Meat-Free Recipe for Greek Potato Stew: A Soul-Satisfying Mediterranean Staple

Globally, home cooks often find themselves turn a simple bag of potatoes into a delicious evening meal. My own culinary journey often involve a spicy Sri Lankan potato curry, a savory Gujarati version, or even a patiently simmered Spanish tortilla for a cozy occasion. This time, however, the answer comes from Greece. Yahni denotes a classic Greek cooking method: vegetables slow-cooked amply in olive oil and tomatoes until perfectly tender. It’s as much a philosophy—it’s a celebration of the unfussy, the slow, and the profoundly good (and yes, it doubles as a fantastic dinner).

Potato Yahni

Enjoy this with a rustic loaf or grilled bread for a hearty meal. It also goes perfectly with a few small sides or even crowned with a fried egg for a unexpectedly great breakfast.

Prep Time: 10 minutes
Cook Time: 1 hour
Serves: 4 people

You Will Need

  • Extra-virgin olive oil
  • 1 large red onion, peeled, halved, and thinly sliced
  • Fine sea salt
  • 4 garlic cloves, peeled and minced
  • 1kg desiree potatoes (or other waxy variety), cut into 2½cm wedges
  • 2 tsp dried oregano, plus extra for garnish
  • 2 tbsp tomato puree
  • 2 x 400g tins of finely chopped tomatoes
  • 150g feta cheese
  • 75g Greek yoghurt
  • 1 lemon, finely zested, plus 1 tbsp of juice
  • 80g pitted kalamata olives

Instructions

Sautéing the Aromatics

Heat five tablespoons of olive oil in a large, heavy-based pot that has a cover. Set it over a medium-high heat. Once the oil is shimmering, add the sliced red onion and a teaspoon of salt. Sauté, moving it around, for about 10 minutes, until the onion is translucent enough to yield to a wooden spoon.

Adding the Potatoes

Introduce the minced garlic and cook for about two minutes more, to release its aroma.
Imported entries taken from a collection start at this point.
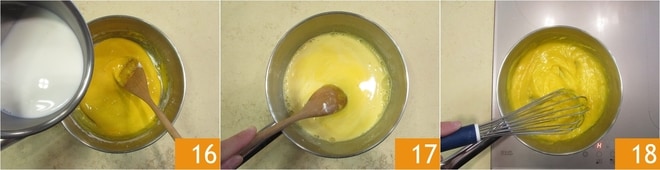 Sobald die Milch zu kochen beginnt, gießen Sie eine kleine Menge davon in die Eimischung 16 und mischen Sie. Fügen Sie dann den Rest der Milch hinzu und mischen Sie erneut 17. Stellen Sie es wieder auf den Herd und kochen Sie unter ständigem Rühren mit einem Schneebesen, bis die Creme eingedickt ist und fast wieder den Siedepunkt erreicht hat 18.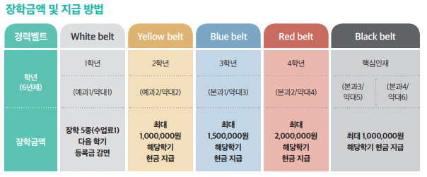 큰사람 프로젝트 장학금액 '큰사람 프로젝트'만 매 학년 이수해도 현금 550만원을 받을 수 있다.(1학년 white 벨트를 제외하고 모두 현금 지급된다)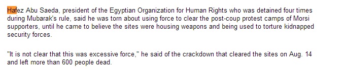 نقلت وكالة أسوشيتد برس عن  حافظ أبو سعدة رئيس المنظمة المصرية لحقوق الإنسان  تبريراته لفض اعتصامي مؤيدي الرئيس بقوله  إن استخدام القوة المفرطة في فض اعتصام مؤيدي الرئيس لم يكن واضحا.

Then, toss in the potato wedges and oregano, tossing until they are evenly covered in the oil. Mix in the tomato puree and cook for one minute. Add the chopped tomatoes along with 400ml of water. Let it come to a boil, then put the lid on, turn down the heat to a steady bubble, and leave to cook for 20 minutes.

3. The Whipped Feta

Meanwhile, prepare the whipped feta. In a food processor, process the feta, Greek yoghurt, lemon zest and juice, three tablespoons of olive oil, and a generous amount of salt until the mixture is completely smooth.

Finishing the Stew

Mix the pitted kalamata olives into the tomato and potato mixture. Let it cook without the lid for a further 15-20 minutes, until the potatoes are tender all the way through and the sauce has thickened nicely.

Step Five

Serve the hot yahni into pasta bowls. Finish each with a healthy dollop of the whipped feta and a light sprinkling of dried oregano.

This dish is a tribute to the beauty of few components transformed by slow braising. Share!

Brittany Lang
Brittany Lang

A seasoned marketing strategist with over a decade of experience in building successful brands across various industries.